UNESCO World Heritage Site
- Official name: Jodensavanne Archaeological Site: Jodensavanne Settlement and Cassipora Creek Cemetery
- Type: Cultural
- Criteria: iii
- Designated: 2023 (45th session)
- Reference no.: 1680

= Jodensavanne =

Sephardic Jewish community in Suriname

Jodensavanne (Dutch, "Jewish Savanna") was a Jewish plantation community in Suriname, South America, and was for a time the centre of Jewish life in the colony. It was established in the 1600s by Sephardi Jews and became more developed and wealthy after a group of Jews fleeing persecution in Brazil settled there in the 1660s.

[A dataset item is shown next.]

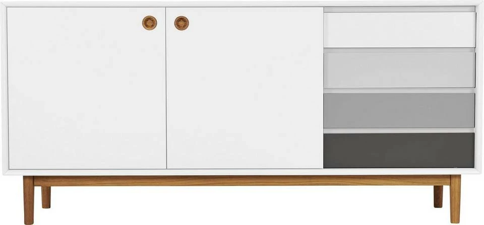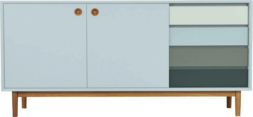Das in Schweden gefertigte edle Sideboard »COLOR BOX« der Marke TOM TAILOR ist ein wahrer Blickfang in deinem Zuhause. Seine Optik zeichnet sich durch attraktive Schubladenfronten in verschiedenen Farben und dekorative Knopfgriffe im Holzdekor aus. Da die Kommode in mehreren edlen Farbausführungen zur Verfügung steht, ist sie harmonisch in das bestehende Interieur integrierbar. Ein Hingucker ist sie in skandinavisch, zeitgemäß und extravagant eingerichteten Räumen. Auf seiner großflächigen Ablage bietet der Schrank viel Platz für Deko-Objekte und Zimmerpflanzen. Darunter ist er mit Türen und mehreren Schubladen ausgestattet, die reichlich Stauraum verbergen. Hier lassen sich beispielsweise Geschirr, Schalen und Wohnaccessoires aufbewahren. Qualitativ punktet die Anrichte mit einer hochwertigen Materialauswahl. Ein Blickfang in jedem Wohnbereich, Ess- und Gästezimmer: das stilvolle Sideboard »COLOR BOX« TOM TAILOR.

It was located in what is now Para District, about 50 km south of the capital Paramaribo, on the Suriname River. Sugarcane plantations were established by forcing Black African people to work as slaves. At its height in around 1700, Jodensavanne was home to roughly 500 plantation owners and 9000 enslaved people. The colony faced regular attacks from Indigenous people, slave revolts, and even raids from the French navy. The community eventually relocated to the capital of Paramaribo. Clearing of grave sites and maintenance of the synagogue ruins has been attempted at various times from the 1940s to the 21st century.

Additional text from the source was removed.